[Dataset excerpts]
..........
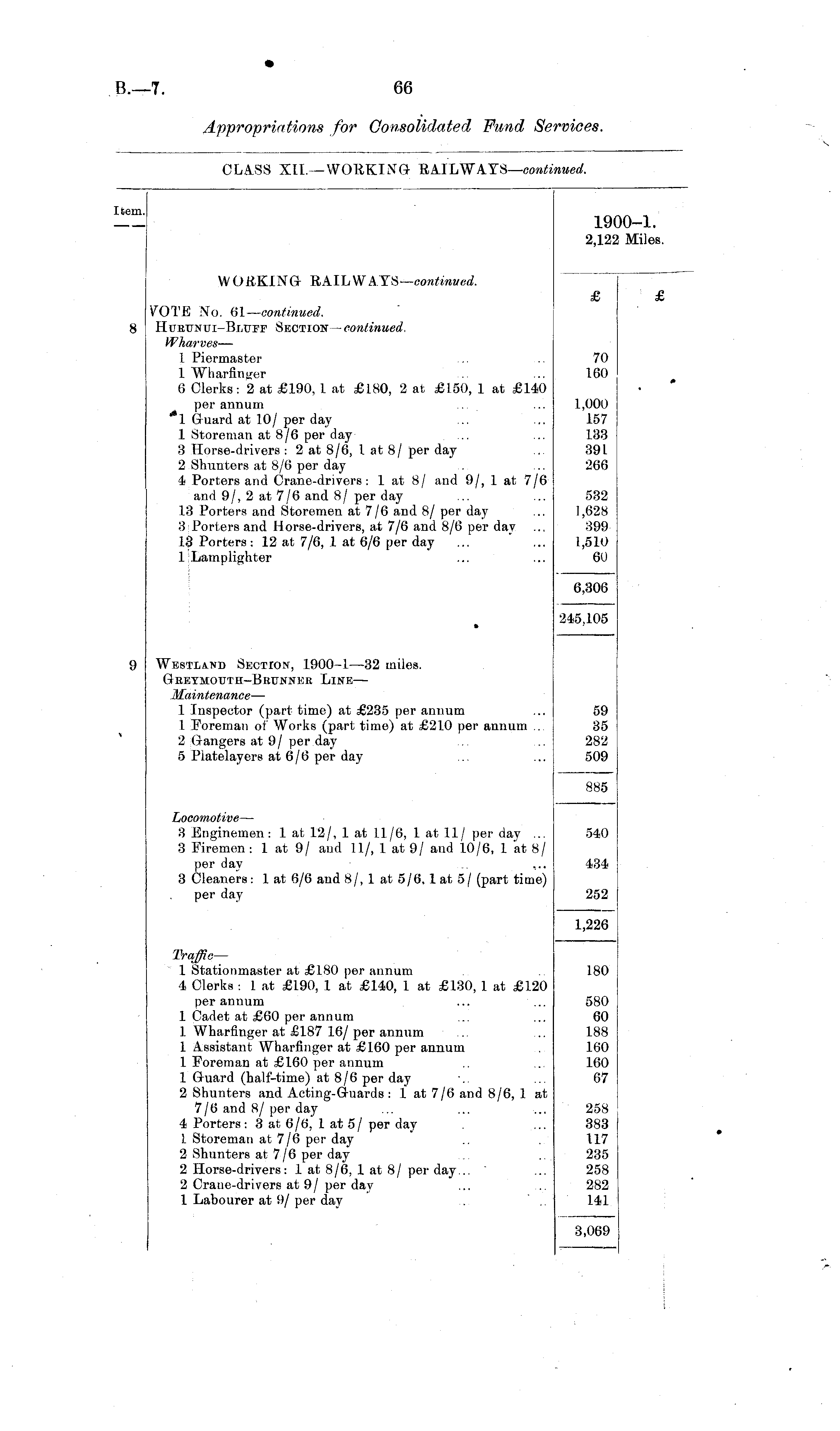 tern. 19 2,12: ►0—1. Miles. WORKING- RAILWAYS— continued. VOTE No. 61— continued. Hurtjniti-Bjyctf Section — continued. Wharves — 1 Piermaster 1 Wharfinger 6 Clerks: 2 at £190, 1 at £L80, 2 at £150, 1 at £140 £ 70 160 0 per annum 1 Guard at 10/ per day 1 Storeman at 8/6 per day 3 Horse-drivers : 2 at 8/6, 1 at 8/ per day 2 Shunters at 8/6 per day 4 Porters and Crane-drivers : 1 at 8/ and 9/, 1 at 7/6 and 9/, 2 at 7/6 and 8/ per day 13 Porters and Storemen at 7/6 and 8/ per day 3 Porters and Horse-drivers, at 7/6 and 8/6 per day 13 Porters: 12 at 7/6, 1 at 6/6 per day 1 Lamplighter 1,000 157 133 39 L 266 532 1,628 399 1,510 60 6,306 • 245,105 Westland Section, 1900-1 —32 miles. Greymouth-Brunner Line— Maintenance— 1 Inspector (part time) at £235 per annum 1 Foreman of Works (part time) at £210 per annum ... 2 Gangers at 9/ per day 5 Platelayers at 6/6 per day 59 35 282 509 885 Locomotive — 3 Enginemen : 1 at 12/, 1 at 11/6, 1 at 11/ per day ... 3 Firemen : 1 at 9/ and 11/, 1 at 9/ and 10/6, 1 at 8/ per day ... ... 3 Cleaners: 1 at 6/6 and 8/, 1 at 5/6,1 at 5/ (part time) per day 540 434 252 1,226 Ih-qffic— 1 Stationmaster at £180 per annum 4 Clerks : 1 at £190, 1 at £140, 1 at £130, 1 at £120 180 per annum 1 Cadet at £60 per annum 1 Wharfinger at £187 16/per annum ... 1 Assistant Wharfinger at £160 per annum 1 Foreman at £160 per annum 1 Ghiard (half-time) at 8/6 per day 2 Shunters and Acting-Guards: 1 at 7/6 and 8/6, 1 at 7/6 and 8/ per day 4 Porters: 3 at 6/(5, 1 at 5/ per day 1 Storeman at 7/6 per day 2 Shunters at 7/6 per day 2 Horse-drivers: 1 at 8/6, 1 at 8/ per day... 2 Crane-drivers at 9/ per day 1 Labourer at 9/ per day . 580 60 188 160 160 67 258 383 117 235 258 282 141 3,069
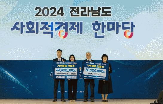 한편, 사회적경제 기부식에서 영광군사회적경제기업협의회에서는 한수원㈜ 한빛원자력본부와 연대하여 2,000만 원 상당의 물품을 영광군 푸드뱅크에 전달했고, 전남사회적기업.마을기업.남도협동조합.자활기업협회 등 4개 단체에서는 6,490만 원 상당의 물품을 전남지역아동센터연합회에 전달하여 사회적경제 가치를 실현하는 뜻깊은 행사의 전통을 이어갔다.
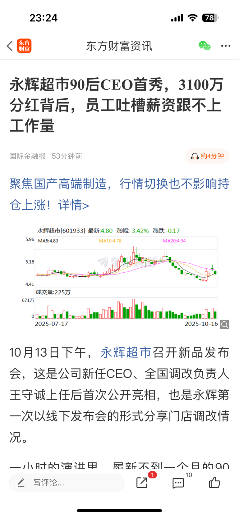 $永辉超市(SH601933)$ 这消息,至少两个跌停板起步吧。明天就看集合竞价给不给机会跑了。
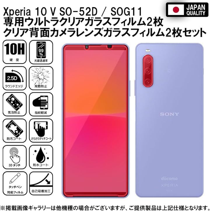 2枚+2枚 フィルム Xperia 10 V SO-52D / SOG11 ガラスフィルム カメラフィルム レンズフィルム レンズ保護ガラス レンズカバー 保護フィルム 強化 高透過 高光沢
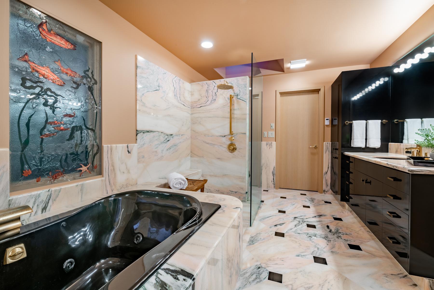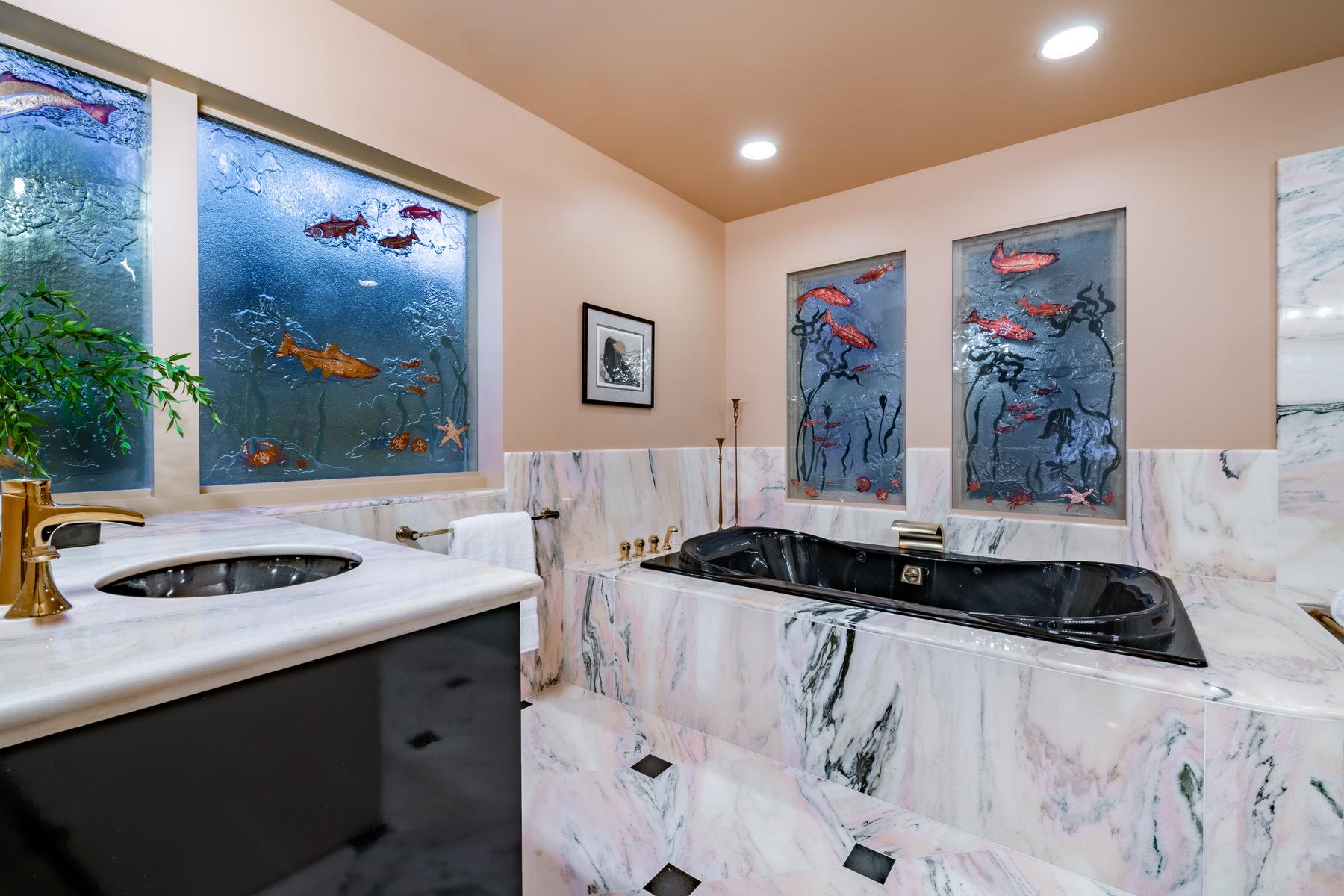 Primary bedroom is spacious with private deck and en suite features Pink onyx stone, walk in shower, spa tub and custom stained glass windows.
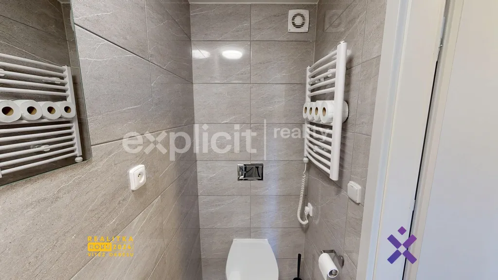 Moderní a čistá koupelna se sprchovým koutem je společně s toaletou sloučena dohromady.
..........
[What is expected] Return exactly the lines from the line with "2枚+2枚 フィルム Xperia" through the last line of the data above, both included; pictures do not go in the answer.

[Answer to this problem]
 2枚+2枚 フィルム Xperia 10 V SO-52D / SOG11 ガラスフィルム カメラフィルム レンズフィルム レンズ保護ガラス レンズカバー 保護フィルム 強化 高透過 高光沢
 Primary bedroom is spacious with private deck and en suite features Pink onyx stone, walk in shower, spa tub and custom stained glass windows.
 Moderní a čistá koupelna se sprchovým koutem je společně s toaletou sloučena dohromady.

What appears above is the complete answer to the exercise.